- Ireland / Zimbabwe
- Dates: 27 August – 13 September 2021
- Captains: Andrew Balbirnie / Craig Ervine

One Day International series
- Results: 3-match series drawn 1–1
- Most runs: William Porterfield (158) / Craig Ervine (121)
- Most wickets: Andy McBrine (4) Josh Little (4) / Blessing Muzarabani (6)
- Player of the series: William Porterfield (Ire)

Twenty20 International series
- Results: Ireland won the 5-match series 3–2
- Most runs: Paul Stirling (234) / Craig Ervine (160)
- Most wickets: Mark Adair (10) / Luke Jongwe (7)
- Player of the series: Paul Stirling (Ire)

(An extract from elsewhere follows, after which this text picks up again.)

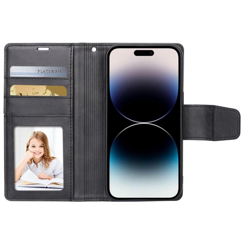 This case features a two-in-one design with a PU leather wallet case and a detachable leather coated TPU back shell, which can be attached together by magnetic snap fastener. High quality materials with exquisite workmanship ensure an elegant look and comfortable hand feeling. Moreover, 2 card slots, 1 photo slot and 1 cash compartment inside allow you to carry around your essential ID, credit cards and cash with your phone without having to take an extra heavy wallet.

= Zimbabwean cricket team in Ireland in 2021 =

International cricket tour

The Zimbabwe cricket team toured Ireland in August and September 2021 to play three One Day International (ODI) and five Twenty20 International (T20I) matches. The ODI series formed part of the inaugural 2020–2023 ICC Cricket World Cup Super League. Cricket Ireland confirmed the fixtures in February 2021. Originally, three T20I matches were scheduled to be played, but two more T20I matches were added in April 2021, after planned matches against Pakistan were cancelled.

However, on 22 July 2021, Cricket Ireland announced that the series would need to be rescheduled due to quarantine requirements needed for the visiting team. The aim was to reschedule the matches for August-September 2021. Zimbabwe Cricket requested government clearance to travel to Ireland, with 19 August 2021 proposed as the date to depart for the tour. On 5 August 2021, Cricket Ireland confirmed the new itinerary for the tour, with the series starting on 27 August 2021.

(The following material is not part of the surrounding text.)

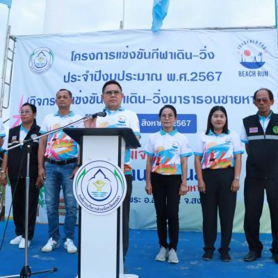 โครงการแข่งขันกีฬาเดิน-วิ่ง มาราธอนชายหาด ประจำปีงบประมาณ พ.ศ.2567 พร้อมด้วย สมาชิกสภาผู้แทนราษฎร สมาชิกสภา อบจ.สงขลา นายก อบต. กำนัน ผู้ใหญ่บ้าน คณะกรรมการจัดการแข่งขัน กรรมการตัดสินนักกีฬา นักกีฬา

Zimbabwe won the first T20I match by three runs. However, Ireland went on to win the next three matches, winning the series with a match to spare. Zimbabwe won the fifth T20I match by five runs, with Ireland winning the series 3–2.

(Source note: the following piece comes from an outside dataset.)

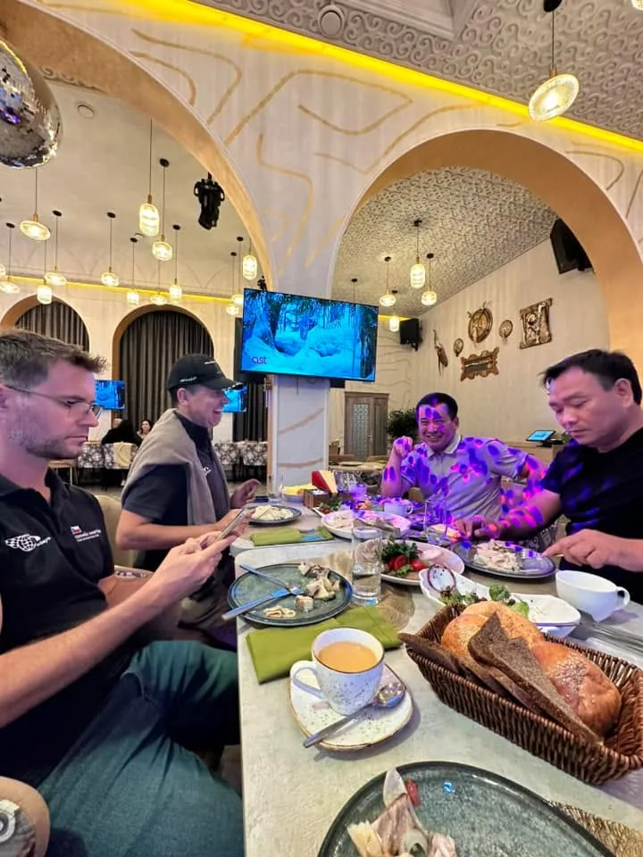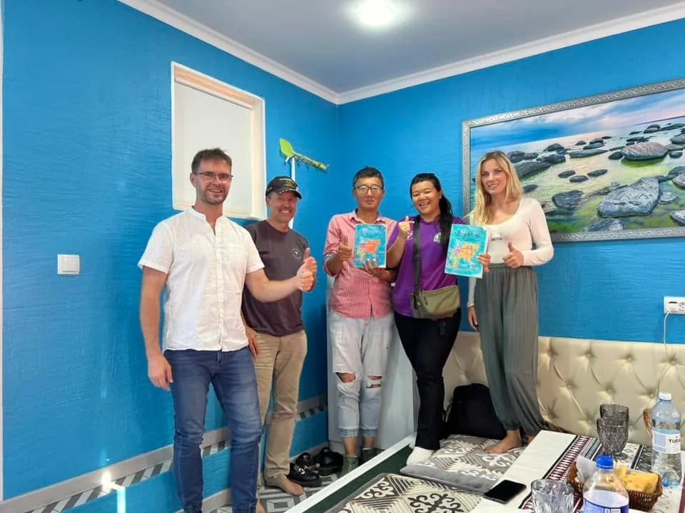 Lidé: O Fanyuhu a Glorii jsme věděli od Ciny.. Dokonce jsem v různých zemích pozadal 2 lidi o propojeni, takze jsem vedel, ze to jednou prijde😉. Dnes rano nam Aktan v Aktau poslal náhodnou fotku z ulice s jejich autem. Takze jsem jim hned napsal a poslal nasi polohu a oni prijeli za nami, protoze nase auta uz jsou na moři.. Za jejich cestou kolem světa je silnější příběh, nez jsem cekal. Vlastne jsou 2:

Zimbabwe won the first ODI by 38 runs. In the second ODI, Ireland scored 282/8 before the match was washed out, ending in a no result. The day before the third ODI of the series, Zimbabwe's Brendan Taylor announced that he would retire from international cricket following the match. Ireland went on to win the match by seven wickets, with the series drawn 1–1.

==Squads==

| Ireland |  | Zimbabwe |
|---|---|---|
| ODIs | T20Is | ODIs and T20Is |
| Andrew Balbirnie (c); Mark Adair; Curtis Campher; George Dockrell; Shane Getkate; Graham Kennedy; Josh Little; Andy McBrine; Barry McCarthy; William Porterfield; Neil Rock; Simi Singh; Paul Stirling; Harry Tector; Lorcan Tucker; Craig Young; | Andrew Balbirnie (c); Mark Adair; Curtis Campher; George Dockrell; Shane Getkate; Josh Little; Barry McCarthy; William McClintock; Kevin O'Brien; Neil Rock; Simi Singh; Paul Stirling; Harry Tector; Lorcan Tucker; Ben White; Craig Young; | Craig Ervine (c); Ryan Burl; Regis Chakabva; Tendai Chatara; Luke Jongwe; Tinashe Kamunhukamwe; Wesley Madhevere; Tadiwanashe Marumani; Wellington Masakadza; Tarisai Musakanda; Blessing Muzarabani; Dion Myers; Richard Ngarava; Sikandar Raza; Milton Shumba; Brendan Taylor; Donald Tiripano; Sean Williams; |

Zimbabwe did not name individual squads for the ODI and T20I matches, opting instead to name a combined squad of 18 players for the tour. Curtis Campher was ruled out of Ireland's ODI squad after suffering an injury in the first T20I match. Shane Getkate was named as Campher's replacement for Ireland's ODI matches.